## WHAT TO WORK ON:
What you give back from the listing below should be an exact copy of the lines from the one with "通过传送门来到这边,打小怪解" down to the one with "這是8月18日在莆田仙游三福古典家具有限公司拍攝的工藝美術(shù)品。", and it should contain no pictures.

## DATASET RECORDS:
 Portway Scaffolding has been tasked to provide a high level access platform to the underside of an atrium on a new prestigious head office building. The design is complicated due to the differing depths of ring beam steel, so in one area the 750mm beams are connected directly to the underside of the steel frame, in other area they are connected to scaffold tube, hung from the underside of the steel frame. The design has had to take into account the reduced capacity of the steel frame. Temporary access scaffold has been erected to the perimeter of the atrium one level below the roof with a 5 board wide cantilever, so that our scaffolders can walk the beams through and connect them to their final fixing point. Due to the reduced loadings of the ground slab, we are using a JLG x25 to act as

---

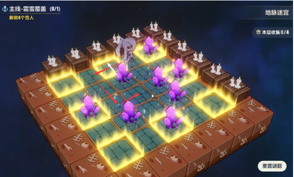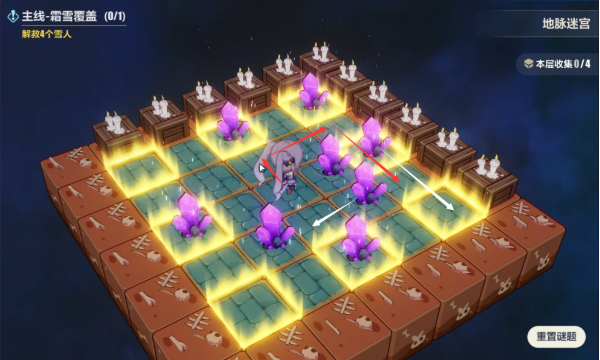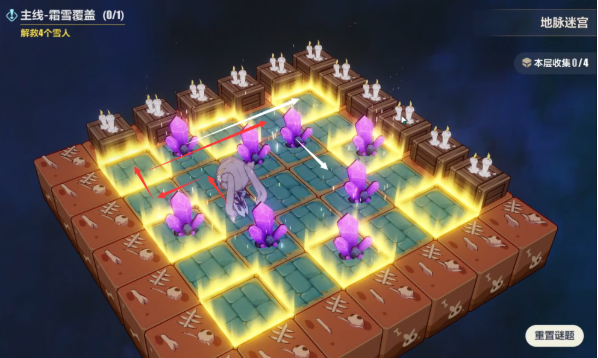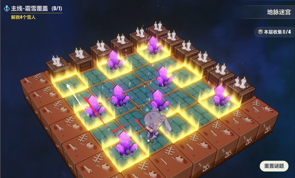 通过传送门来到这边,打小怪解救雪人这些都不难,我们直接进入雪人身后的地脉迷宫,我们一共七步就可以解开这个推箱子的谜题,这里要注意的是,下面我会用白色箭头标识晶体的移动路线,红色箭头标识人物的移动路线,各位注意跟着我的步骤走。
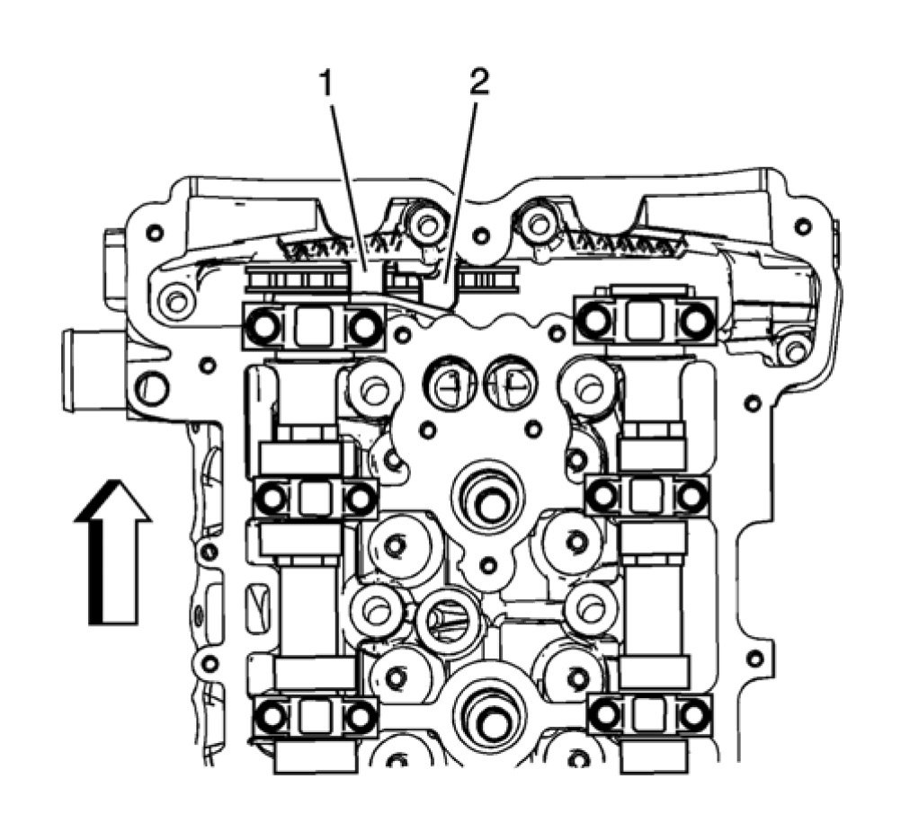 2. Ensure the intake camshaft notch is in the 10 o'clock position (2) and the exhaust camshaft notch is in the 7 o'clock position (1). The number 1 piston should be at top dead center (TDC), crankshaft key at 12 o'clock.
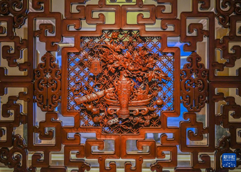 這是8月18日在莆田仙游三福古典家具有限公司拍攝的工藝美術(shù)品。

--

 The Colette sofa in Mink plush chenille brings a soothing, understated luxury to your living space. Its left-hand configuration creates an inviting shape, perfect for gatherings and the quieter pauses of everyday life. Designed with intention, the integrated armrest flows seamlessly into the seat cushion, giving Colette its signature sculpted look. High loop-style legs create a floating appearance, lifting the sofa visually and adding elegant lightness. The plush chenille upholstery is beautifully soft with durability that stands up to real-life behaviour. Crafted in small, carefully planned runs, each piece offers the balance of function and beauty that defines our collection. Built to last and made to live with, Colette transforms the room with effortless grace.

## RESULT FOR THIS EXERCISE:
 通过传送门来到这边,打小怪解救雪人这些都不难,我们直接进入雪人身后的地脉迷宫,我们一共七步就可以解开这个推箱子的谜题,这里要注意的是,下面我会用白色箭头标识晶体的移动路线,红色箭头标识人物的移动路线,各位注意跟着我的步骤走。
 2. Ensure the intake camshaft notch is in the 10 o'clock position (2) and the exhaust camshaft notch is in the 7 o'clock position (1). The number 1 piston should be at top dead center (TDC), crankshaft key at 12 o'clock.
 這是8月18日在莆田仙游三福古典家具有限公司拍攝的工藝美術(shù)品。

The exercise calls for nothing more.